**Problem statement:** Could you output exactly the lines running from the one containing "根據(jù)市場(chǎng" to the final line of the listing below, leaving out pictures?

**Collected data:**
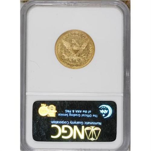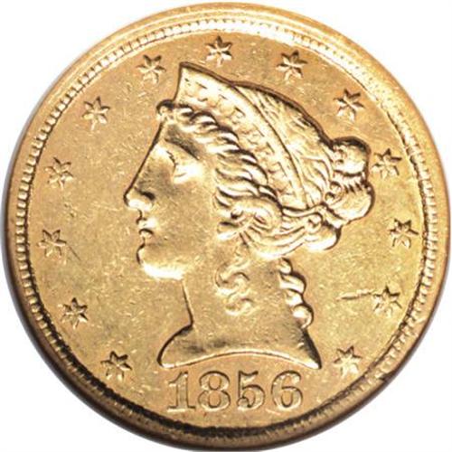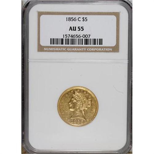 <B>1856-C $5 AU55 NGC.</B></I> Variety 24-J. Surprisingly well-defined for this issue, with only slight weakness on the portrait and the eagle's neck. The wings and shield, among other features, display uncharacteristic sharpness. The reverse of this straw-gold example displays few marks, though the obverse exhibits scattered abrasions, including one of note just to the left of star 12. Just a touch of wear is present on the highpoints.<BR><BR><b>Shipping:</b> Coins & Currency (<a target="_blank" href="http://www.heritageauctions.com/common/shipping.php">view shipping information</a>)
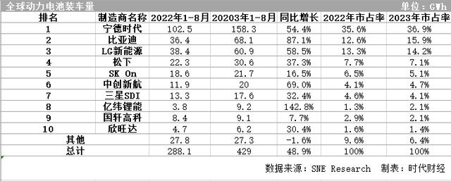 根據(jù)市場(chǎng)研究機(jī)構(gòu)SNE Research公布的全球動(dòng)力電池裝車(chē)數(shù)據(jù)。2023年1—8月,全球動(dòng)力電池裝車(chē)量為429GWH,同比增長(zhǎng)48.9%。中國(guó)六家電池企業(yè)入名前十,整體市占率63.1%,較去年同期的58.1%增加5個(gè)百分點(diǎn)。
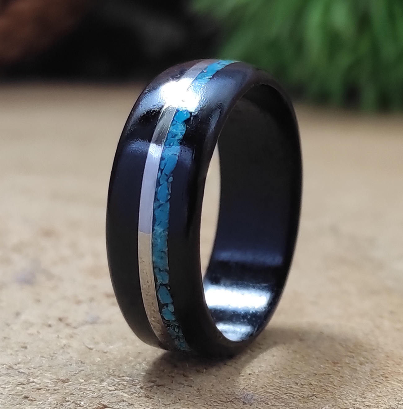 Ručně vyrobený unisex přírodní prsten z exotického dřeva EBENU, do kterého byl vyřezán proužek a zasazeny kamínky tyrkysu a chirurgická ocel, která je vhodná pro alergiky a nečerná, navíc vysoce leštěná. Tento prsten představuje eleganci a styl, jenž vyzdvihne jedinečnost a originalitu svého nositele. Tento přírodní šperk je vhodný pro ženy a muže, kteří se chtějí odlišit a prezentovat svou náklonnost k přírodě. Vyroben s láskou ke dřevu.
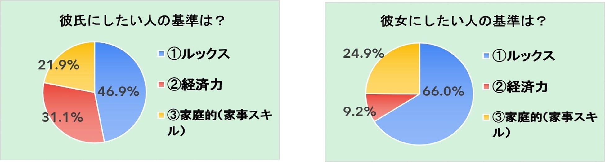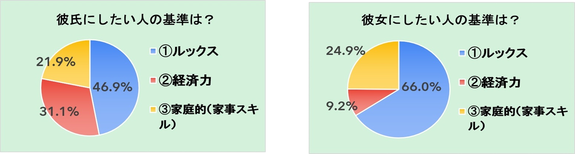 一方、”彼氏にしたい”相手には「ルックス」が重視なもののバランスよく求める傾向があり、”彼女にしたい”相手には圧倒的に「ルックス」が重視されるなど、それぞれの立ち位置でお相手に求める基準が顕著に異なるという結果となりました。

**Reply to the exercise:**
 根據(jù)市場(chǎng)研究機(jī)構(gòu)SNE Research公布的全球動(dòng)力電池裝車(chē)數(shù)據(jù)。2023年1—8月,全球動(dòng)力電池裝車(chē)量為429GWH,同比增長(zhǎng)48.9%。中國(guó)六家電池企業(yè)入名前十,整體市占率63.1%,較去年同期的58.1%增加5個(gè)百分點(diǎn)。
 Ručně vyrobený unisex přírodní prsten z exotického dřeva EBENU, do kterého byl vyřezán proužek a zasazeny kamínky tyrkysu a chirurgická ocel, která je vhodná pro alergiky a nečerná, navíc vysoce leštěná. Tento prsten představuje eleganci a styl, jenž vyzdvihne jedinečnost a originalitu svého nositele. Tento přírodní šperk je vhodný pro ženy a muže, kteří se chtějí odlišit a prezentovat svou náklonnost k přírodě. Vyroben s láskou ke dřevu.
 一方、”彼氏にしたい”相手には「ルックス」が重視なもののバランスよく求める傾向があり、”彼女にしたい”相手には圧倒的に「ルックス」が重視されるなど、それぞれの立ち位置でお相手に求める基準が顕著に異なるという結果となりました。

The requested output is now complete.